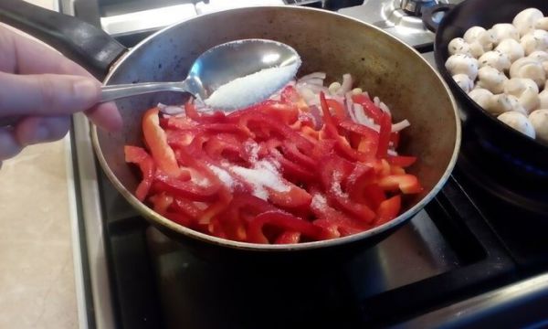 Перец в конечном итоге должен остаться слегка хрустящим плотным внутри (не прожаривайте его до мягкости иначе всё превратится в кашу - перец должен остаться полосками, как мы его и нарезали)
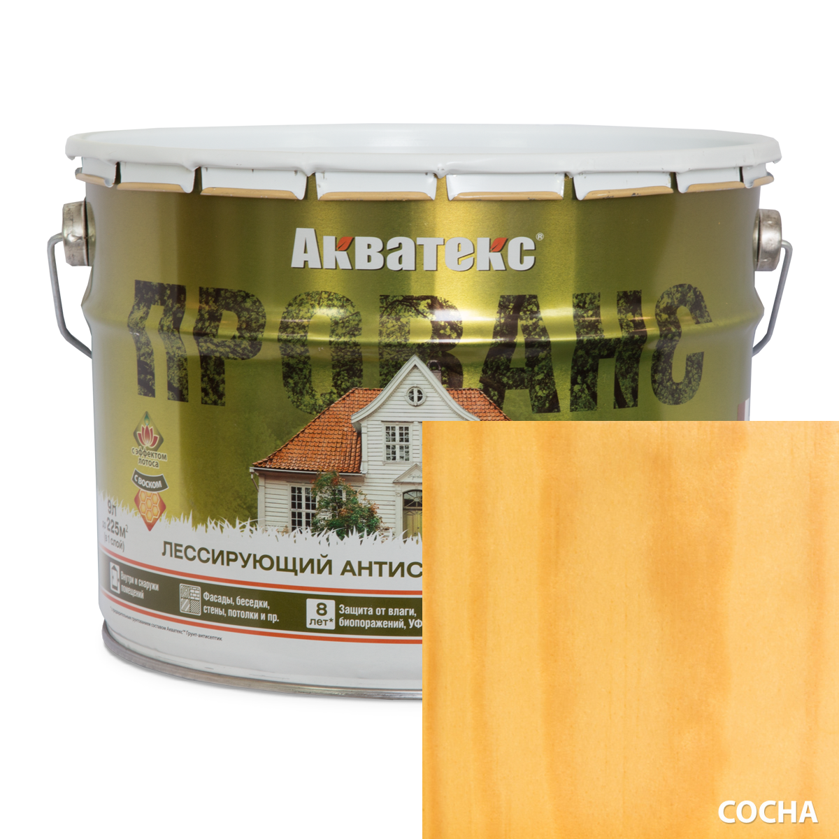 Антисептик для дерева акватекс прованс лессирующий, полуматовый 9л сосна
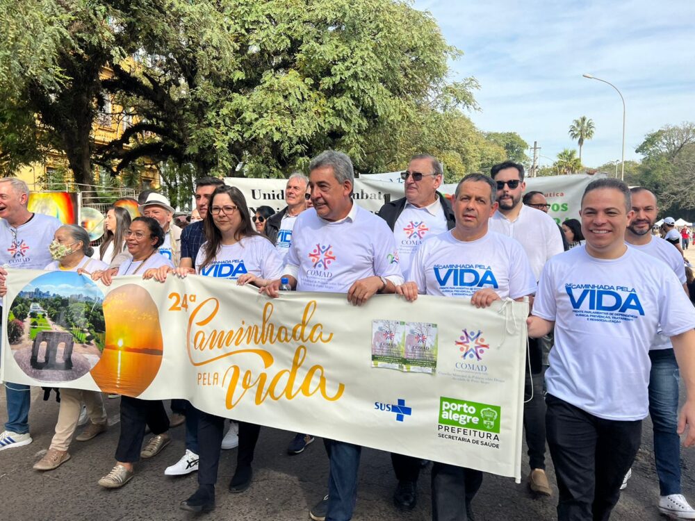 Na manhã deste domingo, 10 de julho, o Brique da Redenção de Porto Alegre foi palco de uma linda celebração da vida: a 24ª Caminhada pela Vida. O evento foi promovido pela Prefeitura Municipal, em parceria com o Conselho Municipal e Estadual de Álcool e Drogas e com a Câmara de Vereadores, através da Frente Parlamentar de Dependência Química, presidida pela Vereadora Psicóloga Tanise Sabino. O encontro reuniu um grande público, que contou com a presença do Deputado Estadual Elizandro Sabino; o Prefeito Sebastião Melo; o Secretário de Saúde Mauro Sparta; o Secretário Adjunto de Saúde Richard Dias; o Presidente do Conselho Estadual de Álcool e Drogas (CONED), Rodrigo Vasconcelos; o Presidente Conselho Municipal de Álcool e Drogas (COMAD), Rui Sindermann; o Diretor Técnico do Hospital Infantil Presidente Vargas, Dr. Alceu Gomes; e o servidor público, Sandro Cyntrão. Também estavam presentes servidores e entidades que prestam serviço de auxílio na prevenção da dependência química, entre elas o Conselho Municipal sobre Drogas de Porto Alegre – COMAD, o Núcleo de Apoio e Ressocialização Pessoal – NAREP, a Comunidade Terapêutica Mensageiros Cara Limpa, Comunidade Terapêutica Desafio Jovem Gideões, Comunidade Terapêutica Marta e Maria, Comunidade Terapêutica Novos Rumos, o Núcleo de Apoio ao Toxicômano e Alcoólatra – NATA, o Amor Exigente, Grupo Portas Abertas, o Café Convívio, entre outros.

----

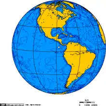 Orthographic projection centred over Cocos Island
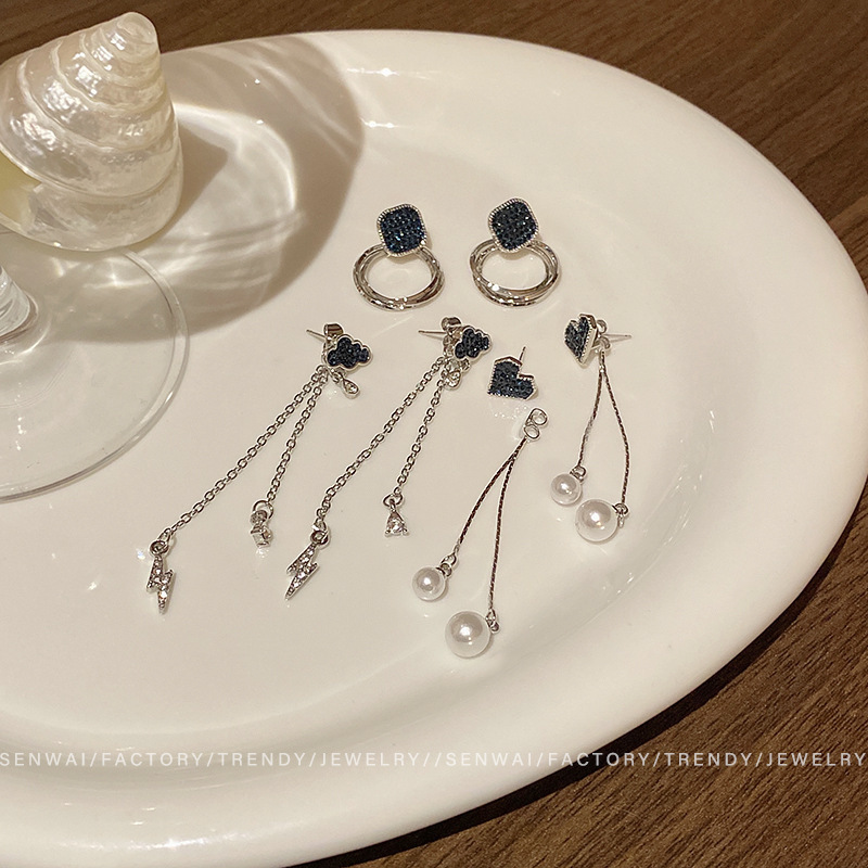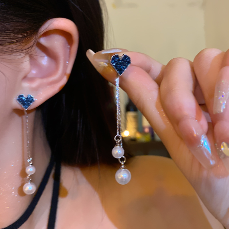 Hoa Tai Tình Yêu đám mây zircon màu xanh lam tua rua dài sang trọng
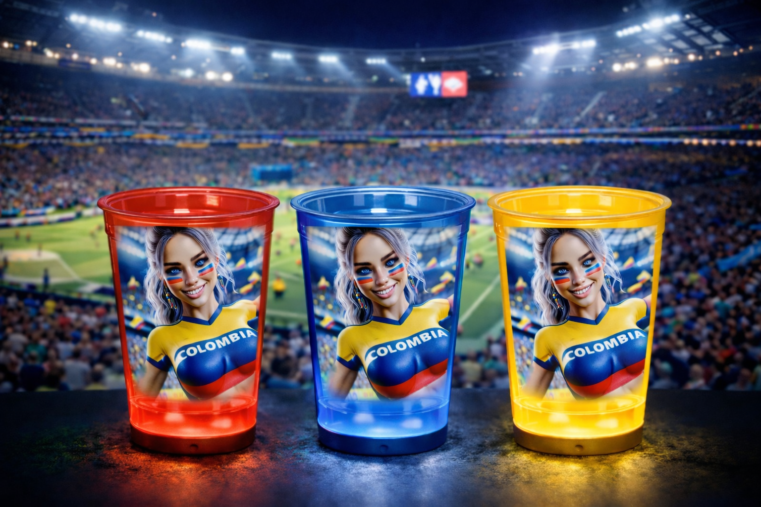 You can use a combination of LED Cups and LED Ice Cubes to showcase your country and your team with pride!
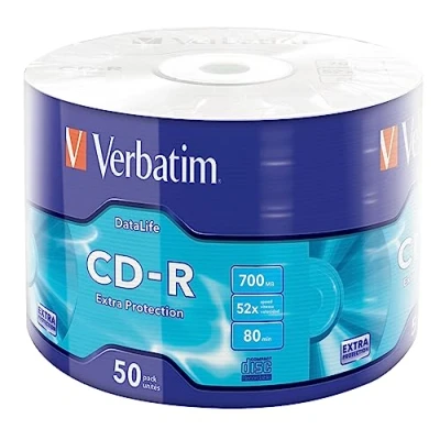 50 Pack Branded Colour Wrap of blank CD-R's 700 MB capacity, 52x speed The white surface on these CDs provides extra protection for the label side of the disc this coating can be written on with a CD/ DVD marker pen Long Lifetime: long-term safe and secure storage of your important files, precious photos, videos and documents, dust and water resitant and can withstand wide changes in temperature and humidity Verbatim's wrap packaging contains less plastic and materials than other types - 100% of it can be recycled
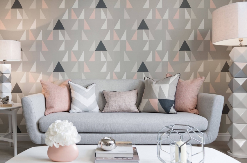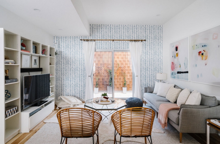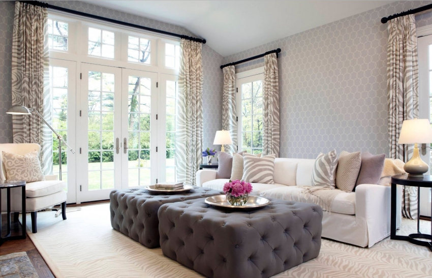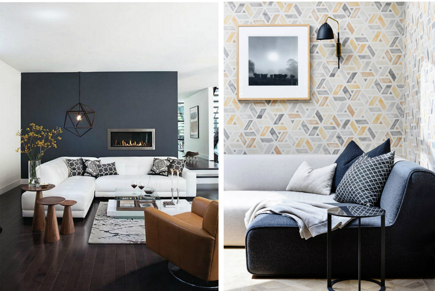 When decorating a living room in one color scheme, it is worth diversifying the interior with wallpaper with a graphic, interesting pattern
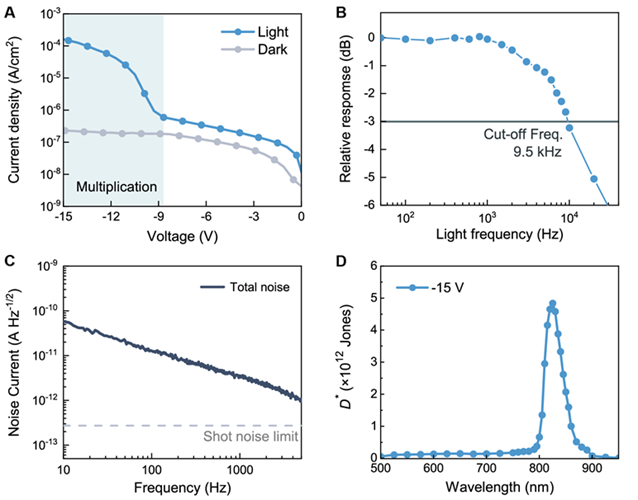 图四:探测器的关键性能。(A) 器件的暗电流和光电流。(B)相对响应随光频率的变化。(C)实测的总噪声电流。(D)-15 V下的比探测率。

----

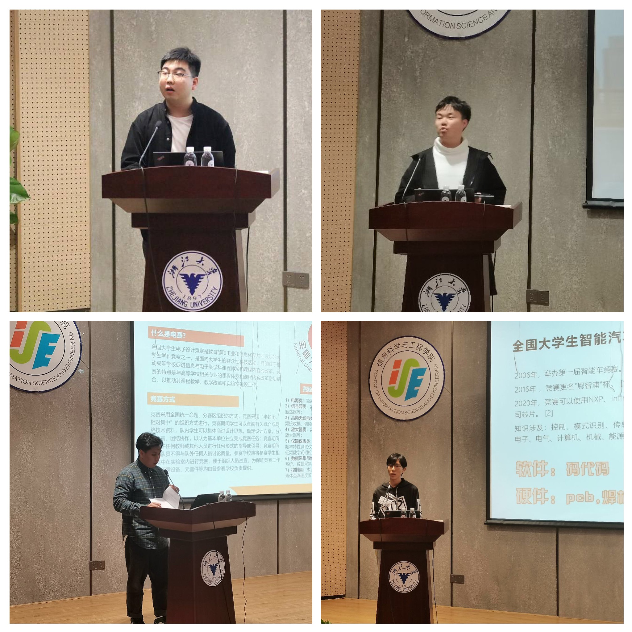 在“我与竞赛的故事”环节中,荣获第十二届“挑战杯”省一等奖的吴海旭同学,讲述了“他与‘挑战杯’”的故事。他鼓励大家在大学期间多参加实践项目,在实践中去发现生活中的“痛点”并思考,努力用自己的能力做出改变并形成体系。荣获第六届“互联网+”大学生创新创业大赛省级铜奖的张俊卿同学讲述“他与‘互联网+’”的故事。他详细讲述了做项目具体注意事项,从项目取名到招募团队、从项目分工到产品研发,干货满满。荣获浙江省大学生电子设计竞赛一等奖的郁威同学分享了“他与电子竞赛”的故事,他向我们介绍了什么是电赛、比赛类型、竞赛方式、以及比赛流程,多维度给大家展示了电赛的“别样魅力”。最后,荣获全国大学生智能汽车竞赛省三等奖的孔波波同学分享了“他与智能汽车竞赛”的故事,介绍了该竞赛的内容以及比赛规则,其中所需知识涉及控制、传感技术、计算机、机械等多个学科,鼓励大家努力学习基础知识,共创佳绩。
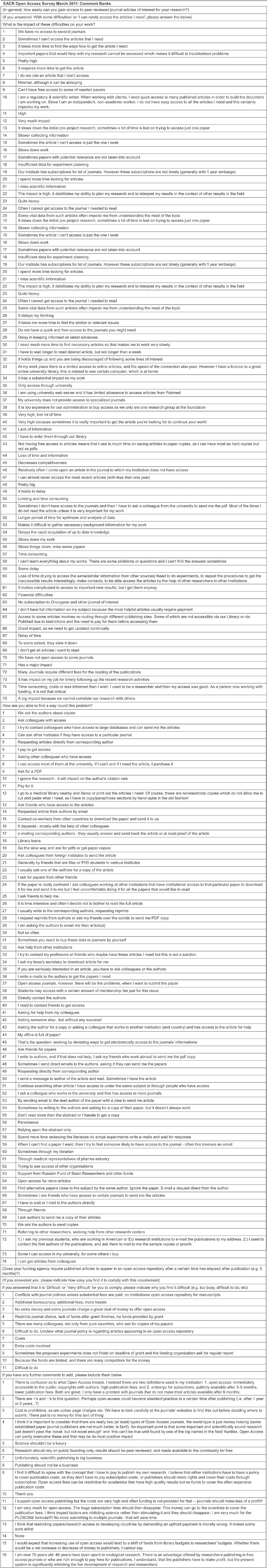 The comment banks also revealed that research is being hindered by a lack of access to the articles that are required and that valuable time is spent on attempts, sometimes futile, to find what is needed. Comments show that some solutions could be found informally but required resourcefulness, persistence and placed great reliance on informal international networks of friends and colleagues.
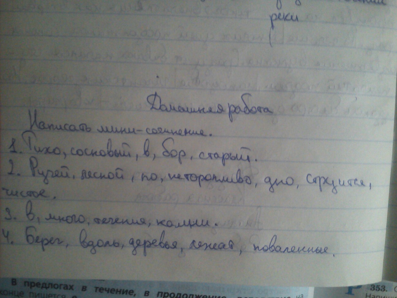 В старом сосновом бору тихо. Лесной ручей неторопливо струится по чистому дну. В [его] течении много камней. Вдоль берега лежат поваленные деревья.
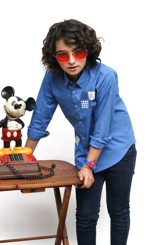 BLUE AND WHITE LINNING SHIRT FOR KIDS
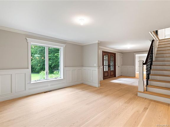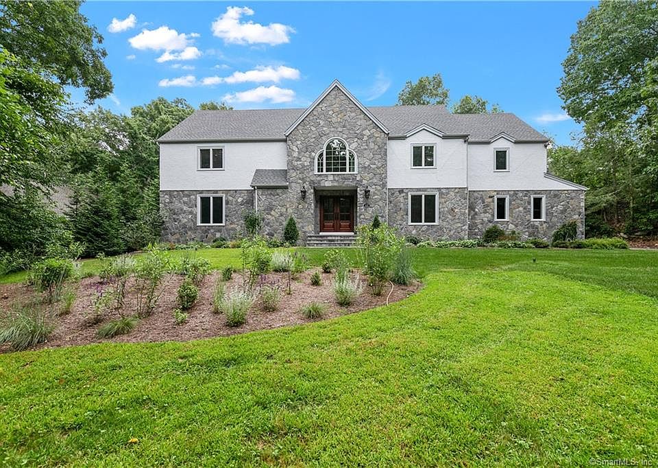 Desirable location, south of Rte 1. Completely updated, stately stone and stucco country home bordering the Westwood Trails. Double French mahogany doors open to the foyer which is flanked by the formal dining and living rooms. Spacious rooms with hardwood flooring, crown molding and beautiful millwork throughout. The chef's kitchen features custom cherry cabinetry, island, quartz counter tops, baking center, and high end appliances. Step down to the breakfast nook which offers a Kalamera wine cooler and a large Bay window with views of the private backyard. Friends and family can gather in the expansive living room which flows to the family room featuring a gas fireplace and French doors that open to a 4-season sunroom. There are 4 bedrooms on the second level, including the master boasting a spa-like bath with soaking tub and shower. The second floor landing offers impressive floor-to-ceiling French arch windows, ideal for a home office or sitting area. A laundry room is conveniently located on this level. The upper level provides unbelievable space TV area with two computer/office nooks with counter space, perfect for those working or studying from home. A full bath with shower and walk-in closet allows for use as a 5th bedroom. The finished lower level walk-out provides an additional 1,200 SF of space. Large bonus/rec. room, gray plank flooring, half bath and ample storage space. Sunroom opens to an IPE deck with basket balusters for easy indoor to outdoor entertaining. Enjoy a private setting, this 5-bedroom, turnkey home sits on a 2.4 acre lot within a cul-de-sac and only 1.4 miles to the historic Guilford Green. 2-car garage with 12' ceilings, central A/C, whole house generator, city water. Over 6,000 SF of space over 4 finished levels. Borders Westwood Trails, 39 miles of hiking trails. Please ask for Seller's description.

----

• **WHAT YOU HAVE TO DO**
Reproduce exactly the lines above that run from the one with "В старом сосновом" to the one with "BLUE AND WHITE LINNING SHIRT FOR KIDS", both included, leaving pictures out.

• **EXERCISE ANSWER**
 В старом сосновом бору тихо. Лесной ручей неторопливо струится по чистому дну. В [его] течении много камней. Вдоль берега лежат поваленные деревья.
 BLUE AND WHITE LINNING SHIRT FOR KIDS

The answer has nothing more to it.